Recurso interposto em 11 de Fevereiro de 2009 — Nycomed Danmark/EMEA

(Processo T-52/09)

(2009/C 82/58)

Língua do processo: inglês

Partes

Recorrente: Nycomed Danmark ApS (Roskilde, Dinamarca) (Representantes: C. Schoonderbeek, H. Speyart van Woerden, advogados)

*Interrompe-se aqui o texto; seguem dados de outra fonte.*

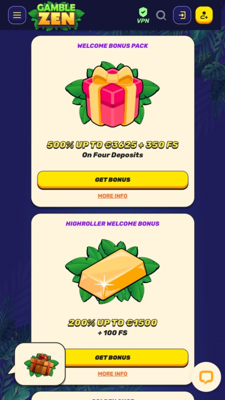 GambleZen умеет привлекать внимание — бонусы здесь действительно впечатляющие. Новые игроки могут начать свой путь с особенно щедрого приветственного предложения, которое в сумме даёт до €3625 и 350 бесплатных вращений на первых депозитах.

Recorrida: Agência Europeia de Medicamentos

Pedidos da recorrente

Fundamentos e principais argumentos

Através do presente recurso, a recorrente pretende a anulação, nos termos do artigo 230.o CE e do artigo 73.o-A do Regulamento (CE) n.o 726/2004 (1), conforme alterado pelo Regulamento (CE) n.o 1901/2006 (2) do Parlamento Europeu e do Conselho, da decisão «EMEA-000194-IPI01-07» adoptada em 28 de Novembro de 2008 pela Agência Europeia de Medicamentos («EMEA») que indefere o seu pedido de isenção para um determinado produto de acordo com o artigo 11.o, n.o 1, alínea b) do regulamento supracitado.

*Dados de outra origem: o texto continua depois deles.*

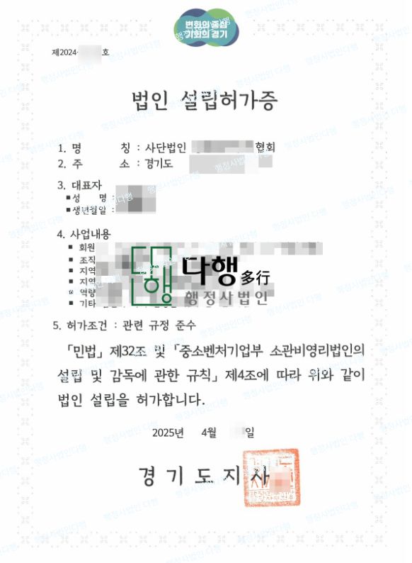 [25년4월]사단법인설립/경기도지사/중소벤처기업부소관규칙 페이지 정보 작성자 관리자 작성일26-03-11 14:44 조회14회 관련링크 본문 25년 4월 행정사법인다행의 대행으로 『민법』 제 32조 및 『중소기업부 소관 비영리법인의 설립 및 감독에 관한 규칙』제 4조에 따른 사단법인이 설립되었습니다. 이전글 다음글 목록

A recorrente pede essa isenção para um aparelho de imagiologia de ecocardiogramas por ultra-som destinado a ser comercializado sob a marca Imagify e projectado para diagnosticar doenças arteriais coronárias («CAD») em adultos. Através da decisão contestada, a EMEA indeferiu o pedido da recorrente considerando que a doença ou a patologia a que o medicamento em questão se destina não é uma CAD mas um defeito de perfusão do miocárdio, que também ocorre em crianças.

A recorrente alega que a decisão é ilegal porque está baseada numa interpretação e aplicação do conceito de «doença ou patologia a que o medicamento […] em questão se destina» na acepção do artigo 11.o n.o 1, alínea b), do Regulamento (CE) n.o 1901/2006 que, de acordo com a recorrente, é incorrecta por não ter em consideração a indicação terapêutica requerida no concomitante pedido de autorização comunitária de introdução no mercado e que defeitos de perfusão do miocárdio não são uma doença ou patologia, mas um sintoma de várias doenças.

A recorrente alega ainda que a decisão indeferida é ilegal por ser uma tentativa de a EMEA abusar dos seus poderes, atribuídos pelos artigos 11.o, n.o 1, alínea b) e 25.o do Regulamento (CE) n.o 1901/2006, para atingir um fim que não está previsto nessas disposições, nomeadamente, a obrigação de propor um plano de investigação pediátrica para indicações que não estão abrangidas pelo concomitante pedido de autorização comunitária de introdução no mercado.

(1)  Regulamento (CE) n.o 726/2004 do Parlamento Europeu e do Conselho de 31 de Março de 2004 que estabelece procedimentos comunitários de autorização e de fiscalização de medicamentos para uso humano e veterinário e que institui uma Agência Europeia de Medicamentos (JO L 136, p. 1).

(2)  Regulamento (CE) n.o 1901/2006 do Parlamento Europeu e do Conselho de 12 de Dezembro de 2006 relativo a medicamentos para uso pediátrico e que altera o Regulamento (CEE) n.o 1768/92, a Directiva 2001/20/CE, a Directiva 2001/83/CE e o Regulamento (CE) n.o 726/2004 (JO L 378, p. 1).